On Tue, Feb 13, 2018 at 09:42:36PM -0600, William Pitcock wrote:
> Hello,
> 
> I am pleased to announce the 0.1.0 release of libucontext, a library
> which implements the ucontext.h functions (getcontext, setcontext,
> makecontext and swapcontext), originally meant for use with gcompat,
> but also useful for applications requiring the functions outside of
> gcompat (such as when building against musl directly).
> 
> Implementation completeness varies based on each architecture, with
> the goal of having complete implementations across all presently
> supported architectures in the next release, but, it should be noted
> that for the most part the implementations provide workable behaviour
> in real-world apps right now.  In other words, it's what you would
> expect for a 0.1.0 release.
> 
> To use these functions, you just link to `-lucontext`, meaning you
> could provide them in $LIBS when running configure scripts and have
> everything most likely work out nicely.
> 
> Download: http://distfiles.dereferenced.org/libucontext/libucontext-0.1.0.tar.xz
> Building should hopefully be straightforward too.
> 
> For Alpine and Adelie distributions, this package is available as
> libucontext in the testing repository.

Looks good. A couple observations:

1. Your implementations don't seem to save or restore signal masks.
This of course makes them much faster and "better" for implementing
coroutines etc., but if applications using them actually expect them
to keep a context-local signal mask, they'll break.

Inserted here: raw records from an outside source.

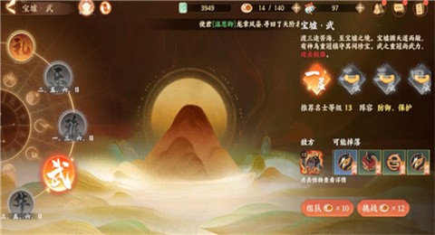 5、第四关宝墟·武,开放时间为周二、周四、周六和周日。本关敌人大多为输出型,BOSS攻击能力极强。使君挑战此关卡时,可采用以防御、控制为主,输出为辅的阵容。若前期使君队伍名士等级远高于敌方,也可直接派出五名输出型名士。战胜本关敌人后,可能掉落踏破套、德盛套、捭阖套灵器。
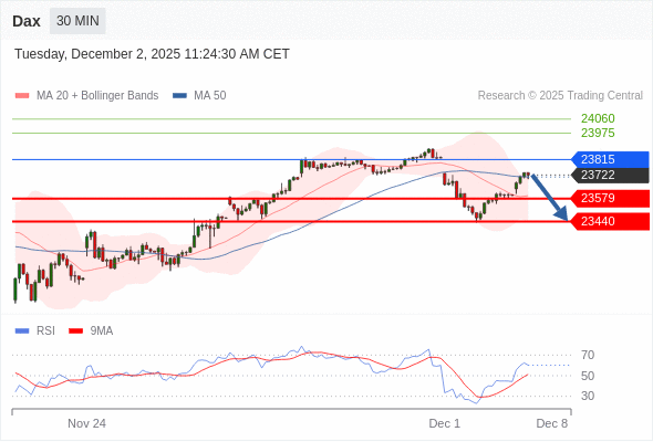 在 23815 之下,看跌,目标价位为 23579 ,然后为 23440 。
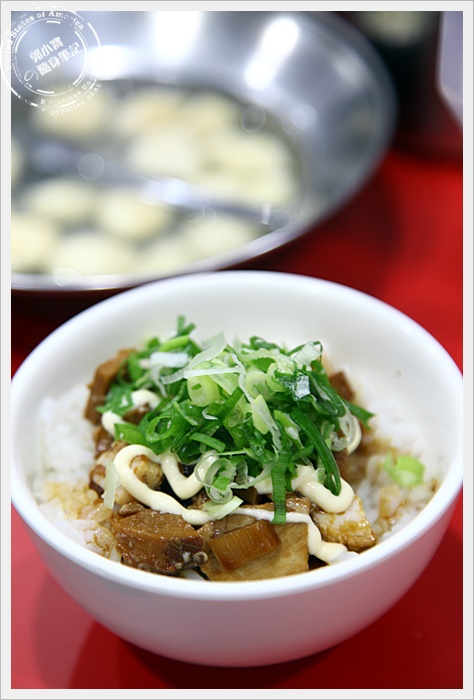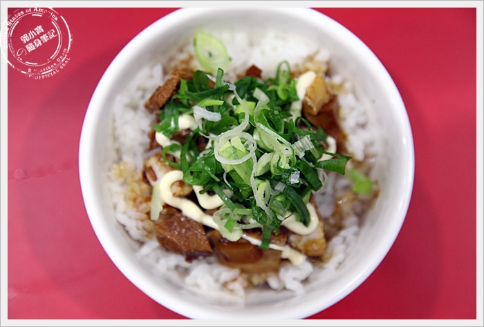 贈送的蔥叉燒飯看起來超可口的,醬汁加上美乃滋還有蔥花超搭的,分量雖然沒有很大,但是一碗吃完有意猶未盡的感覺,好想再續一碗,肉塊切的一點都不會小氣,對於贈送的來說,這相當的大氣了! |
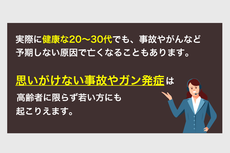 不慮の事故による傷害を直接の原因として、お亡くなりになった際にお支払いいたします。
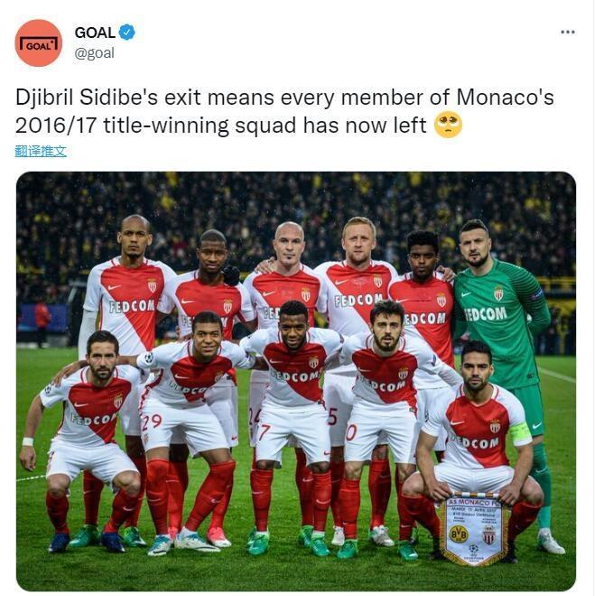 分崩离析,摩纳哥16-17冠军阵容全部离队

2. Your asm makes effort to save and restore call-clobbered registers.
setcontext does need to restore them if you want to be able to return
to asynchronous contexts (like the ucontext argument to a signal
handler) correctly, but there's no point in saving the call-clobbered
registers in getcontext, since these registers are purely the
getcontext function's "local variables", not a meaningful part of the
context. Likewise the /* we need to restore %ecx because we clobbered
it earlier */ comment in x86 getcontext.S does not make sense.